Zelensky knows that Russia is patient despite its casualties and that it awaits the day when international supplies decline, convinced that at some point governments will not be able to bear the expense or the material emptying of their armies’ stores. The Ukrainian president reiterated this Thursday that for this reason there is a race against the clock, that the heavy arsenal that reaches him is still insufficient despite having committed more than 2,000 million euros in rocket launcher platforms, tanks, howitzers and Grad missiles provided by countries such as the US, the UK, the Czech Republic and Poland, and that modern artillery is essential to stop the solid advance of the invading troops from the south.
Right now, their goal is to prevent the final fall of Severodonetsk. One of the “most difficult battles of this war” is being fought in this city because “it will decide the fate of Donbas,” says Zelensky, who, hyperbolically, considers that the “hatred” generated by Russia is “more deadly than Covid -19». What the Ukrainian president is trying to say is that only with first-class tanks and missiles will his country be able to undertake the difficult task of rebalancing its war power with the Kremlin’s machinery. Meanwhile, the front is consolidated as a large cemetery. Defense Minister Oleksiy Reznikov acknowledged on Thursday that one hundred Ukrainian soldiers are killed and another 500 are wounded daily.

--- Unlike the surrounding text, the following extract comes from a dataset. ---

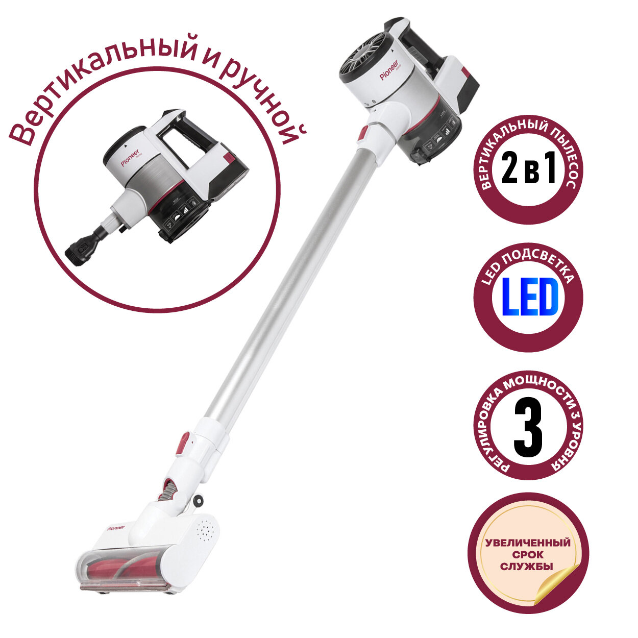 Вертикальный беспроводной пылесос Pioneer 140Вт,турбощетка с LED подсветкой и независимым электроприводом, 3 насадки

“As soon as we have long-range artillery we will be able to deal with Russian artillery and our special forces could clear the city in two or three days,” says Sergei Gaidai, governor of this region of eastern Ukraine, in line with hopes. of its president. London has promised a multiple MLRS launcher system. Washington, four batteries Himars. Severodonetsk and neighboring Lysychansk are key points in the domain of the Donbas mining area and Ukraine still hopes to win them back.
The example of Mariupol
At the end of May, the Ukrainian Army gave clear signs in Mariupol of its inferiority compared to Russia’s heavy arsenal. The defeat of the defenders of the Azovstal steelworks after a days-long siege with mortars and tank fire represented the metaphor of the new war tactics that the Kremlin applies taking advantage of its superiority in weapons and ammunition. And it is not a simple appreciation, International military media affirm that the main treasure of the Russian armed forces has always been its artillery, superior to that of the rest of the world’s armies.

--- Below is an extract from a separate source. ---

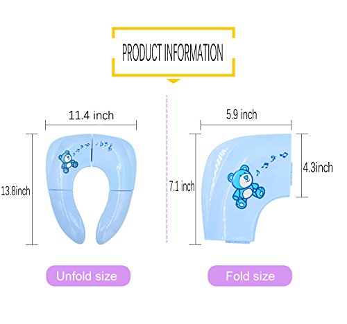 Studio : FABE Child Safety CO.,Ltd Publisher : FABE Child Safety CO.,Ltd Binding : Baby Product Product Description Baby Portable Travel Folding Reusable Training Toilet Seat This toilet training seat is designed to help your children learn how to use the toilet bowl with confidence,keeping them security and comfortable. It's a perfect potty trainer for little boys and girls in lavatory.Improve Childcare and Cleanliness, cover the public toilet seat, avoids direct contact with public toilets and helps effectively prevent the spread of germs. It is very sturdy, anti-rust.Wear-resistant anti-slide pad can prevent the potty seat moving around.Keep your baby from falling into the toilet.This potty seat is designed with large amounts of strengthening ribs.So you do not need to worry that it will be deformed it is bearing force. Foldable and portable, the product is a well replacement for potty chair during travel. Color:Blue Folding Travel Potty Seat dimensions: Measurements: Unfolded size: 13.5'L x 11 'W x 1'H Folded size: 7'L x 6'W x 2'H Suitable for 1 to 6 years old,boys and girls. Package includes: 1 *baby foldable training potty seat 1 *firm carry bag with zipper Frees parents from holding their kids when they need to use a toilet; helps to improve childcare and cleanliness; will be a smart choice for modern and busy families.

kyiv fights another battle in the offices. The inexperience of the Zelensky government prior to the war and the perception that an invasion was unlikely have led to the absence of an agile arms purchase and management system in the Ministry of Defense. Some territorial commanders must travel from the front to kyiv every time they have to process the documentation on the arsenals they receive.

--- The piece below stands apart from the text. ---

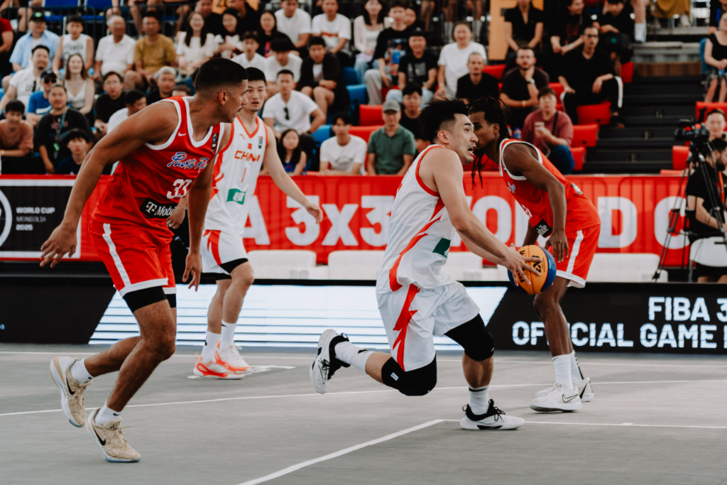 中國(guó)隊(duì)球員在對(duì)陣波多黎各隊(duì)的比賽中突破。圖片來(lái)自國(guó)際籃聯(lián)官網(wǎng)

The international community also demands absolute transparency and has imposed severe controls in order to prevent illegal arms trafficking, a suspicion always latent in the former republic, which last year ranked 122nd of the 180 most corrupt countries in the world. Some experts maintain that the Executive should create a specific office and, above all, stop covering all types of weapons and focus on the most peremptory to streamline its management.